What you return should match the listing exactly, minus its images.

Source data section start

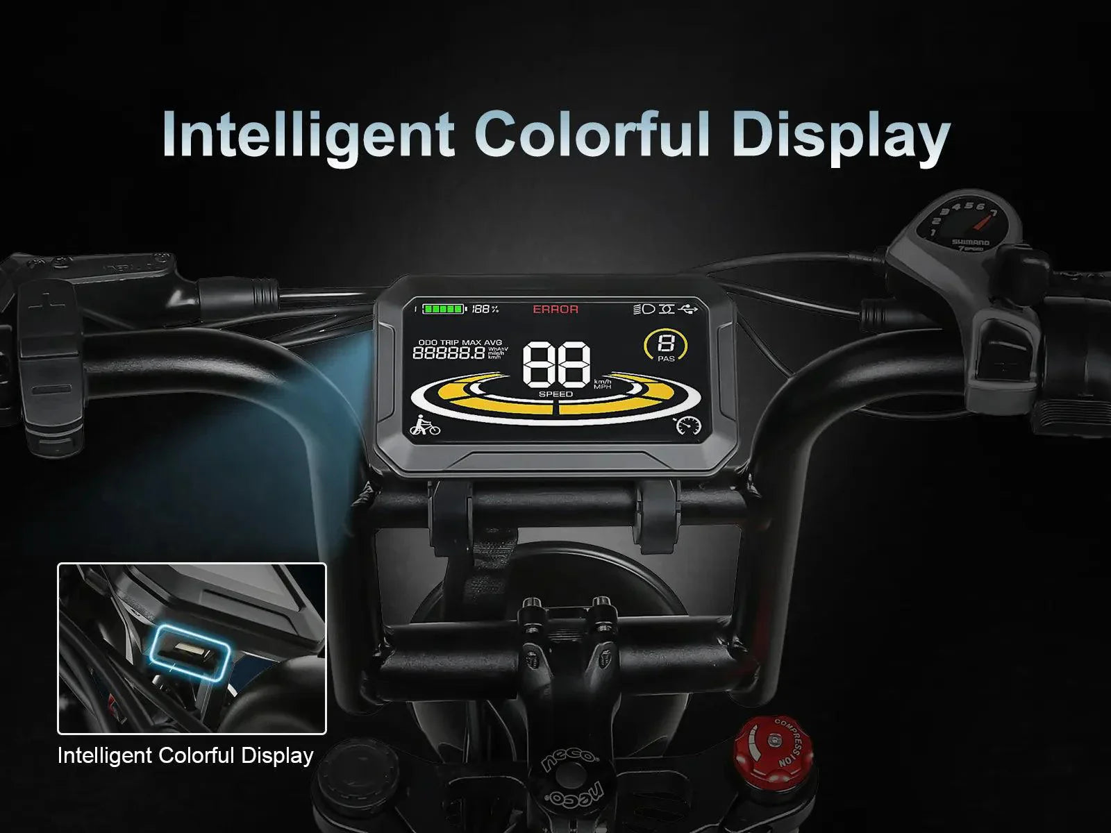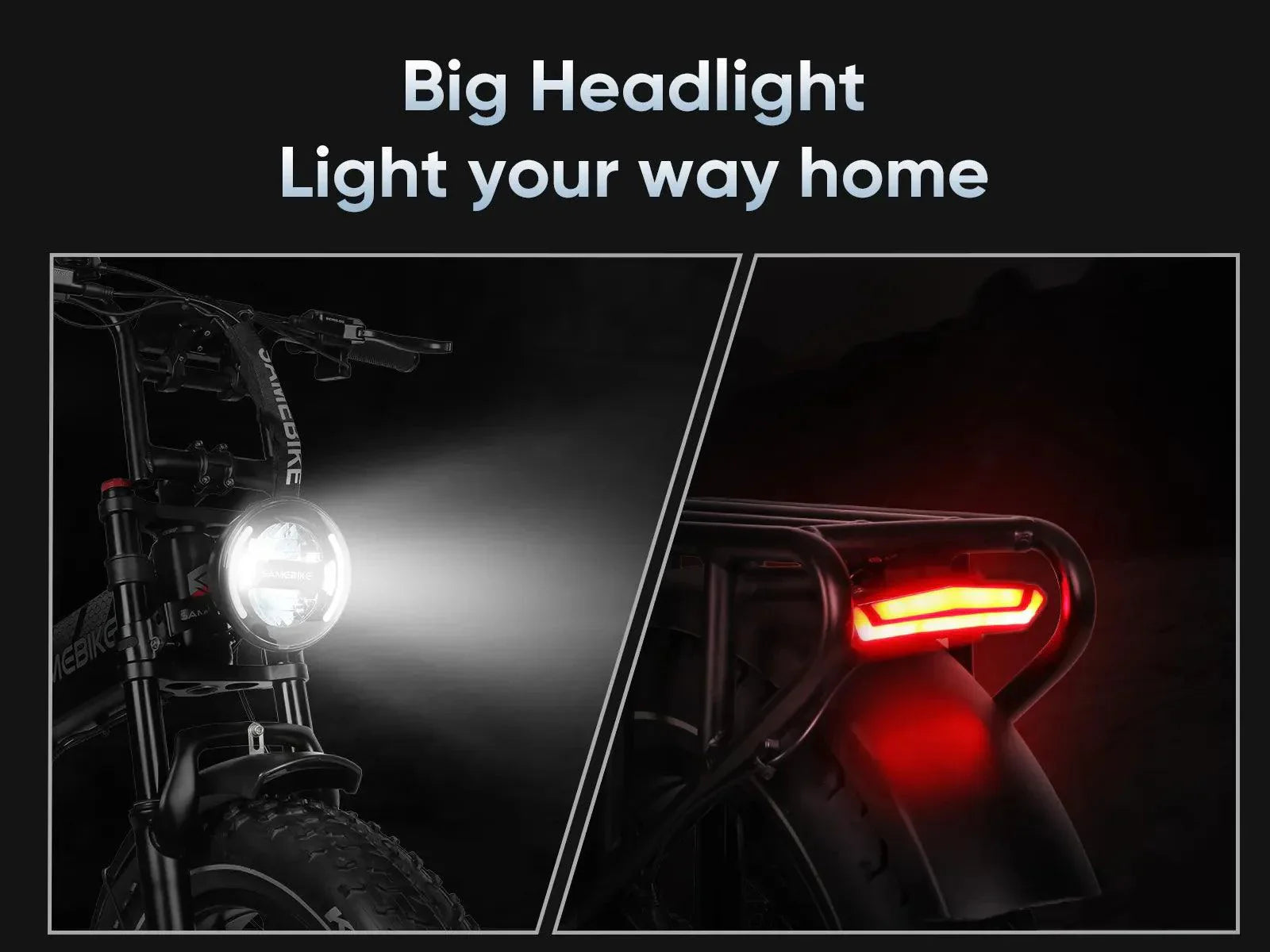 Tackle all terrains with ease on the 20-inch fat tires, providing superior stability and grip, making every ride a breeze.
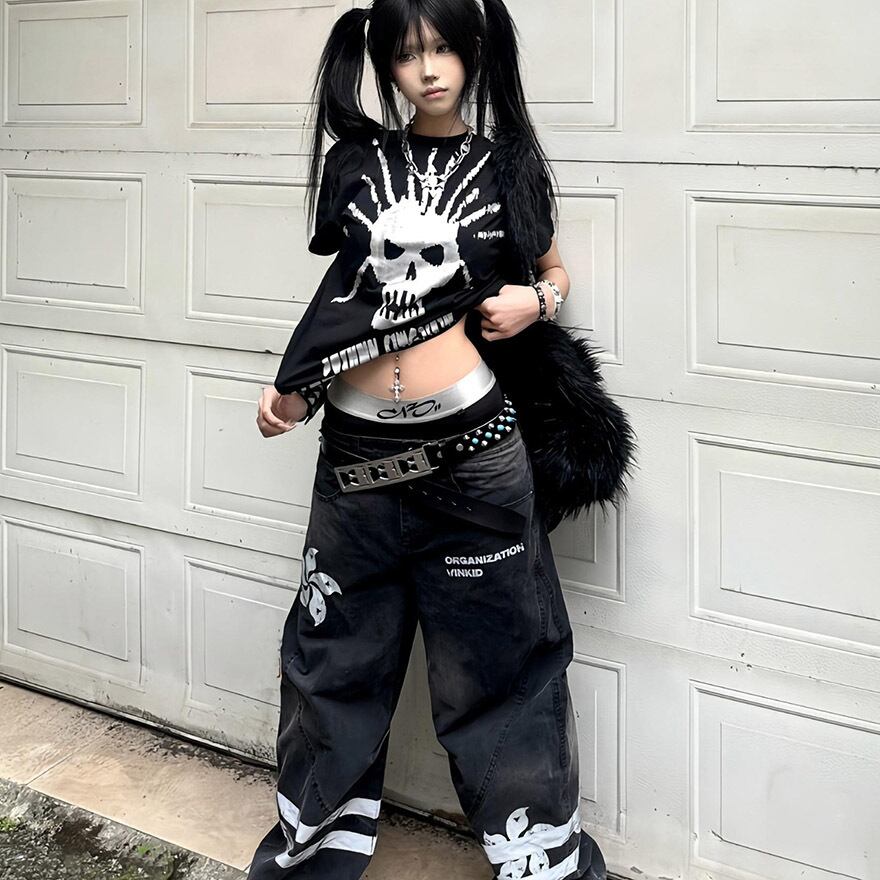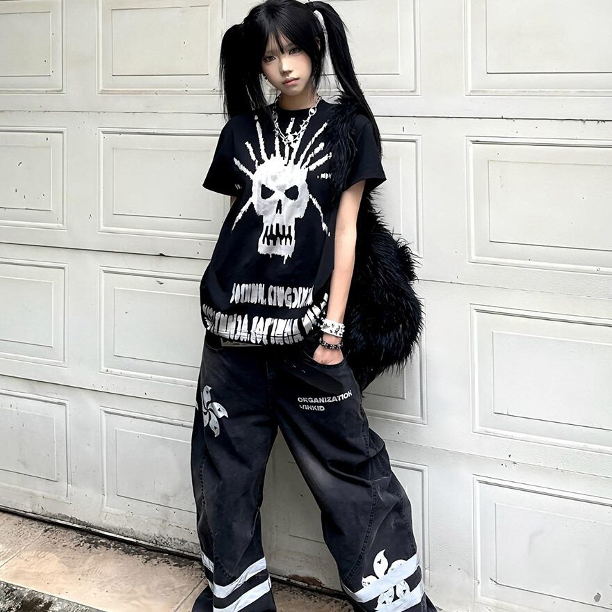 関連キーワード: #サブカル #地雷系 #Y2K #ストリートファッション #パンク #ロック #半袖Tシャツ #スカル #ドクロ #モノトーン #バンドT風 #グランジ #病みかわ #V系
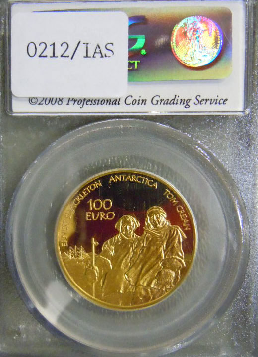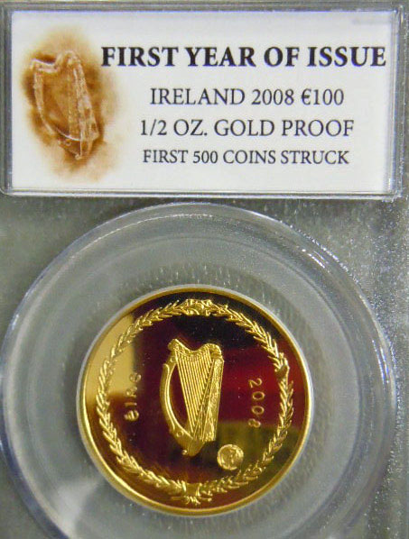 Center: 2008 Ireland first year of issue €100 1/2 ounce gold proof coin.

Source data section end

* [Completed task]
 Tackle all terrains with ease on the 20-inch fat tires, providing superior stability and grip, making every ride a breeze.
 関連キーワード: #サブカル #地雷系 #Y2K #ストリートファッション #パンク #ロック #半袖Tシャツ #スカル #ドクロ #モノトーン #バンドT風 #グランジ #病みかわ #V系
 Center: 2008 Ireland first year of issue €100 1/2 ounce gold proof coin.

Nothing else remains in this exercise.